* _Exercise aim_
Take the entries that follow and return exactly the lines from the one holding "유류비 차이는 어떨까?" through the one holding "สำหรับปฏิทินกิจกรรมท่องเที่ยวตลอดปี 2569 นี้", both included. Nothing else is needed.

* _Data for processing_
+---+

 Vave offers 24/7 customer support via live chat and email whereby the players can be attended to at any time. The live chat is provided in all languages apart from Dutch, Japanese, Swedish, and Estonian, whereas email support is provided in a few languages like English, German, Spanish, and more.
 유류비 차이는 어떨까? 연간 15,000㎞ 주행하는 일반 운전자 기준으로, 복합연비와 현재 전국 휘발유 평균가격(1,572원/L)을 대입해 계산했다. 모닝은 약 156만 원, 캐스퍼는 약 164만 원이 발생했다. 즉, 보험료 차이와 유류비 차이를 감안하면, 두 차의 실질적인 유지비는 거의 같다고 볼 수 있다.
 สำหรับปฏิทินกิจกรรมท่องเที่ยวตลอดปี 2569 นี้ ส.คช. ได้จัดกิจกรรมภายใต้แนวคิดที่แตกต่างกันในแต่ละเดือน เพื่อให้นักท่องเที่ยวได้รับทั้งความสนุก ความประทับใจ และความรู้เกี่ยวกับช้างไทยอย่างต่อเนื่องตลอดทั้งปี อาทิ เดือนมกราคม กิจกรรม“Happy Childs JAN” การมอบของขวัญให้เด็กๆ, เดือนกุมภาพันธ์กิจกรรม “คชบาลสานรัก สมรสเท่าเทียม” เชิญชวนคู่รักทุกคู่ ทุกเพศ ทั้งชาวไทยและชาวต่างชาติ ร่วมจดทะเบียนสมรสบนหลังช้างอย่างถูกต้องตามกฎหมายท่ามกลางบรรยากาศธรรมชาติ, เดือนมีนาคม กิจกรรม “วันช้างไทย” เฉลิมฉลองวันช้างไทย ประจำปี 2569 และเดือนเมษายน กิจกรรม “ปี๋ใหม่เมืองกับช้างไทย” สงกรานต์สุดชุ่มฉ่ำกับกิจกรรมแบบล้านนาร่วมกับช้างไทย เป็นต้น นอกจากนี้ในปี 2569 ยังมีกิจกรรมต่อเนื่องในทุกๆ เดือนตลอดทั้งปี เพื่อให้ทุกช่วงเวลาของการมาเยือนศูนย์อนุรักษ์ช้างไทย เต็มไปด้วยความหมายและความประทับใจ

+---+

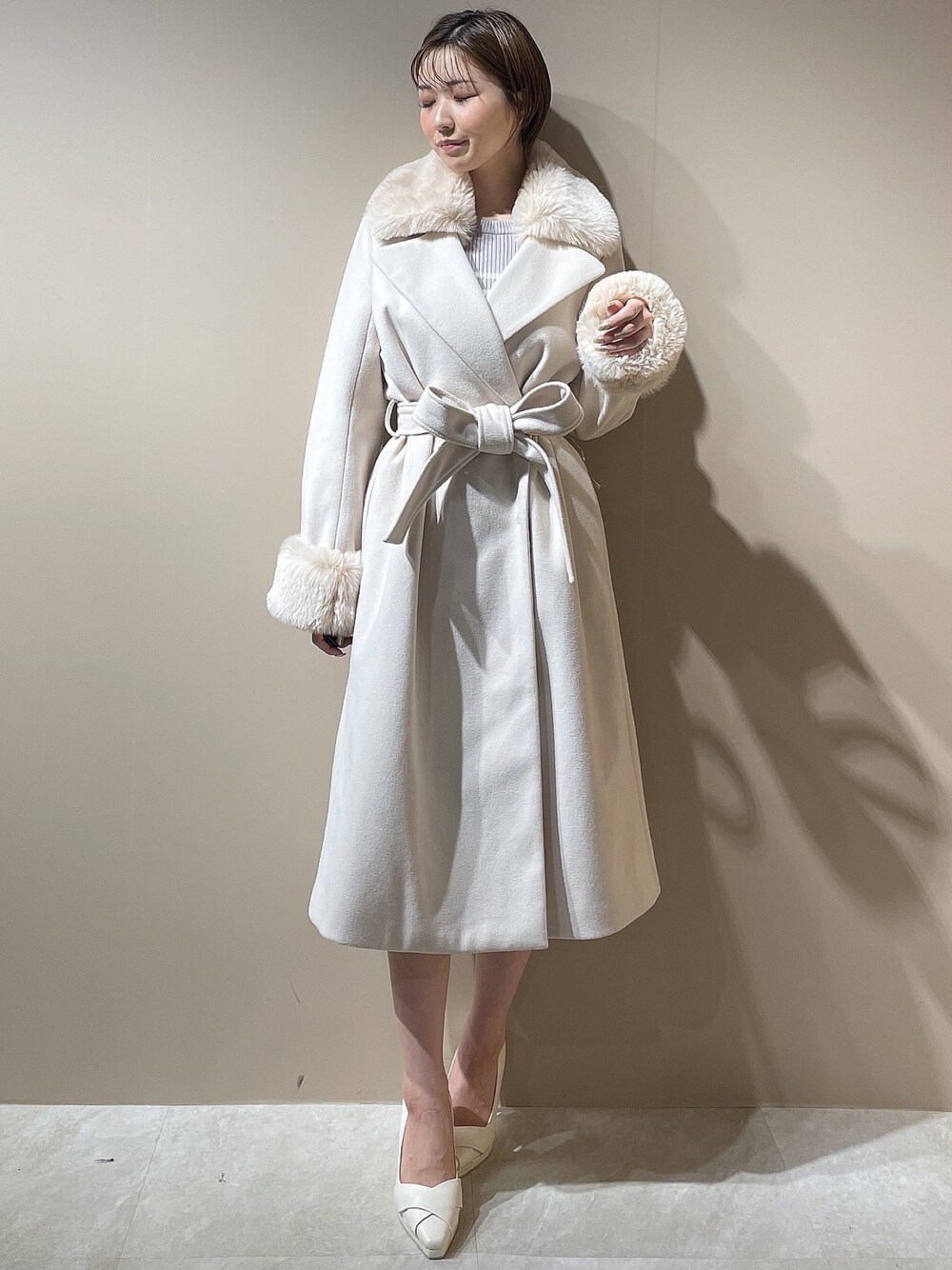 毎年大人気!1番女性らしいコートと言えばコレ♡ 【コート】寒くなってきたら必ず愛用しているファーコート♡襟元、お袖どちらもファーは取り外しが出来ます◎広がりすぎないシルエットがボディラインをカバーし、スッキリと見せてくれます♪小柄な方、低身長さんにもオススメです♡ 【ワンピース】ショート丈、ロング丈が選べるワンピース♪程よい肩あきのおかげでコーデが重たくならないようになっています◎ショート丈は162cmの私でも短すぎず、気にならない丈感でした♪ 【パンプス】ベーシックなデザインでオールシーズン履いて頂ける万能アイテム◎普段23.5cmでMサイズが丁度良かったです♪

+---+

* _Solved exercise_
 유류비 차이는 어떨까? 연간 15,000㎞ 주행하는 일반 운전자 기준으로, 복합연비와 현재 전국 휘발유 평균가격(1,572원/L)을 대입해 계산했다. 모닝은 약 156만 원, 캐스퍼는 약 164만 원이 발생했다. 즉, 보험료 차이와 유류비 차이를 감안하면, 두 차의 실질적인 유지비는 거의 같다고 볼 수 있다.
 สำหรับปฏิทินกิจกรรมท่องเที่ยวตลอดปี 2569 นี้ ส.คช. ได้จัดกิจกรรมภายใต้แนวคิดที่แตกต่างกันในแต่ละเดือน เพื่อให้นักท่องเที่ยวได้รับทั้งความสนุก ความประทับใจ และความรู้เกี่ยวกับช้างไทยอย่างต่อเนื่องตลอดทั้งปี อาทิ เดือนมกราคม กิจกรรม“Happy Childs JAN” การมอบของขวัญให้เด็กๆ, เดือนกุมภาพันธ์กิจกรรม “คชบาลสานรัก สมรสเท่าเทียม” เชิญชวนคู่รักทุกคู่ ทุกเพศ ทั้งชาวไทยและชาวต่างชาติ ร่วมจดทะเบียนสมรสบนหลังช้างอย่างถูกต้องตามกฎหมายท่ามกลางบรรยากาศธรรมชาติ, เดือนมีนาคม กิจกรรม “วันช้างไทย” เฉลิมฉลองวันช้างไทย ประจำปี 2569 และเดือนเมษายน กิจกรรม “ปี๋ใหม่เมืองกับช้างไทย” สงกรานต์สุดชุ่มฉ่ำกับกิจกรรมแบบล้านนาร่วมกับช้างไทย เป็นต้น นอกจากนี้ในปี 2569 ยังมีกิจกรรมต่อเนื่องในทุกๆ เดือนตลอดทั้งปี เพื่อให้ทุกช่วงเวลาของการมาเยือนศูนย์อนุรักษ์ช้างไทย เต็มไปด้วยความหมายและความประทับใจ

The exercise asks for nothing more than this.